The bill increases federal support, outreach, and a dedicated lending pilot to expand worker-owned cooperatives—potentially boosting ownership and local economic stability—while creating budget costs, implementation risks, and administrative burdens that could limit or unevenly distribute benefits.
Small-business owners, worker-members, and low-income entrepreneurs gain materially increased access to financing through a $60 million SBA intermediary lending pilot and expanded capital-focused support, making coop startups and conversions more feasible.
Prospective cooperative founders and workers receive clearer, translated, and targeted outreach, training, and technical assistance—making it easier for non‑English speakers, rural communities, and small employers to form or convert to worker-owned cooperatives.
Federal coordination—via an interagency council, defined agency responsibilities, and annual reports—creates a consistent strategy and transparency to identify best practices and scale successful cooperative models across agencies and regions.
Small-business owners and potential beneficiaries may see little real benefit if key provisions lack dedicated funding, timelines, or enforcement—creating a risk that programs are unevenly implemented or never fully deployed.
Taxpayers bear direct and indirect costs (including the $60 million pilot and added administrative expenses) that could increase budget pressures or crowd out other priorities.
Implementing new coordination, reporting, and outreach duties could divert agency staff time and resources from existing small‑business, rural, or CDFI programs, reducing capacity for other services.
Based on analysis of 7 sections of legislative text.

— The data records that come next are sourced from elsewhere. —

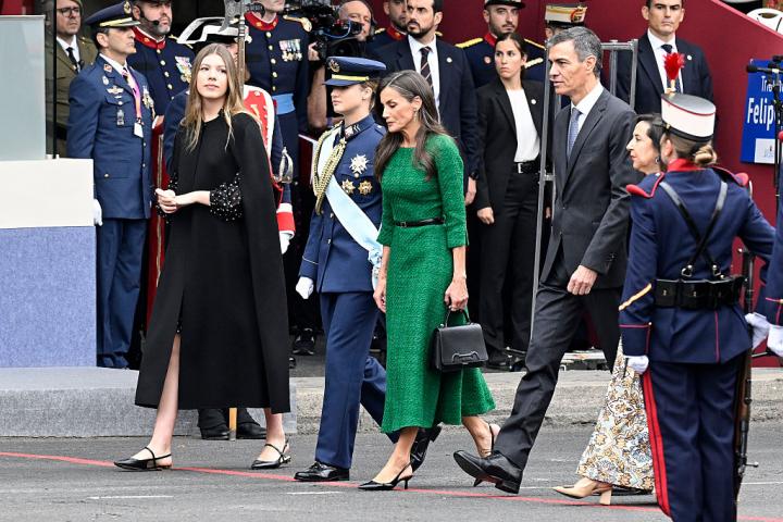 La reina ha estrenado un vestido muy estilo Kate Middleton y ha recuperado los pendientes largos de esmeraldas de Tous en el desfile militar del 12 de octubre.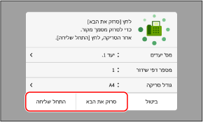 בסיום הסריקה של כל המסמכים, לחץ על [התחל שליחה] או על [תצ' מק' ושליחה].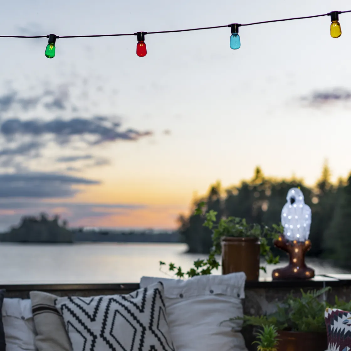 Lysslynge med 20 flerfargede LED-lamper. Faststøpte lyspærer og kuppel i plast som gjør dem uknuselig. Lysene i ulike farger er med på å skape ekstra leken, men koselig stemning. Lyspærene er 5 cm høye og 3 cm i diameter.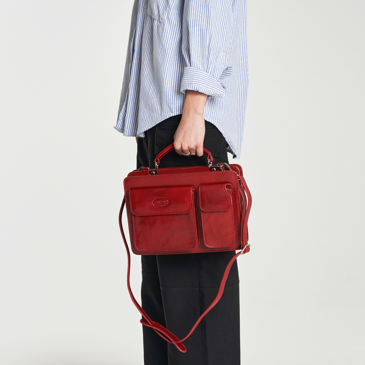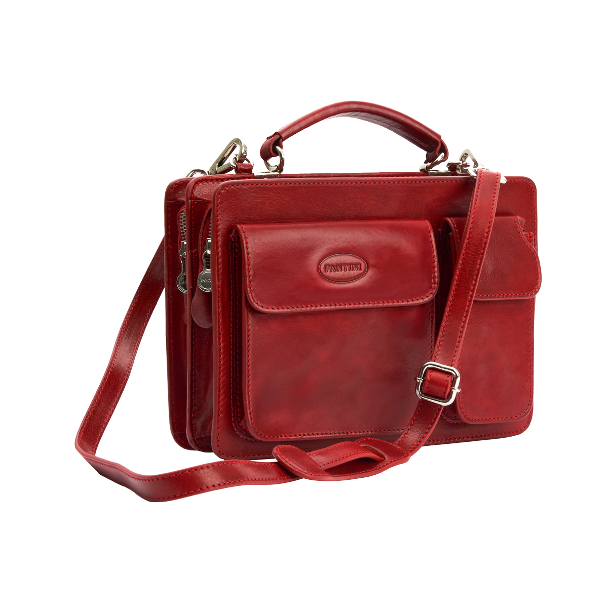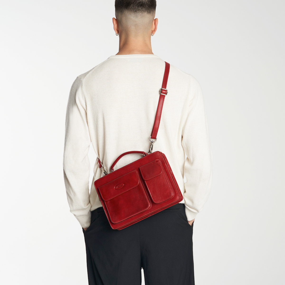 Avec son design épuré et son caractère affirmé, la Micros rouge est le porte-documents compact idéal pour ceux qui souhaitent se démarquer avec élégance même dans les contextes les plus formels. Fabriquée à la main en cuir pleine fleur teint à la main d’un vibrant rouge intense, ce sac de travail allie artisanat traditionnel et fonctionnalité contemporaine, vous accompagnant avec classe tout au long de vos journées. Malgré ses dimensions réduites, le modèle offre une excellente capacité d’organisation : deux poches avant à rabat parfaites pour ranger carnets, clés, badges ou autres objets essentiels, ainsi qu’une poche arrière dotée d’une fermeture éclair métallique pour un supplément de sécurité. L’intérieur revêtu du tissu personnalisé Fantini est divisé en deux grands compartiments zippés, comprend une poche intérieure fermée par zip, trois porte-stylos en cuir cousus à la main et un espace dédié pour votre téléphone portable. Chaque détail de la Micros Rouge a été conçu pour garantir durabilité et praticité : la bandoulière en cuir est ajustable et amovible afin que vous puissiez le porter confortablement sur l’épaule ou le transporter grâce à sa solide poignée supérieure. Les finitions métalliques en bronze vieilli apportent une touche vintage à cet accessoire déjà très marquant. Idéal tant pour les femmes que pour les hommes recherchant un accessoire compact mais distinctif, ce porte-documents flamboyant s’avère parfait pour ceux évoluant dans des environnements créatifs ou désireux d’afficher leur sens du style sans passer inaperçus.

Introduced November 7, 2025 by Ro Khanna · Last progress November 7, 2025
Requires six federal agencies to promote and support worker-owned cooperative businesses through programs, research, outreach, and regulatory review; creates an interagency Council to coordinate a federal strategy and report progress; updates SBA law to revive and fund a pilot intermediary lending program for worker cooperatives; and asks Community Development Financial Institutions to provide education and facilitation services for worker cooperatives. The measure sets deadlines for creating the Council and for its reports, adjusts program years and a funding figure for the SBA pilot, and defines covered agencies and worker-owned cooperative businesses.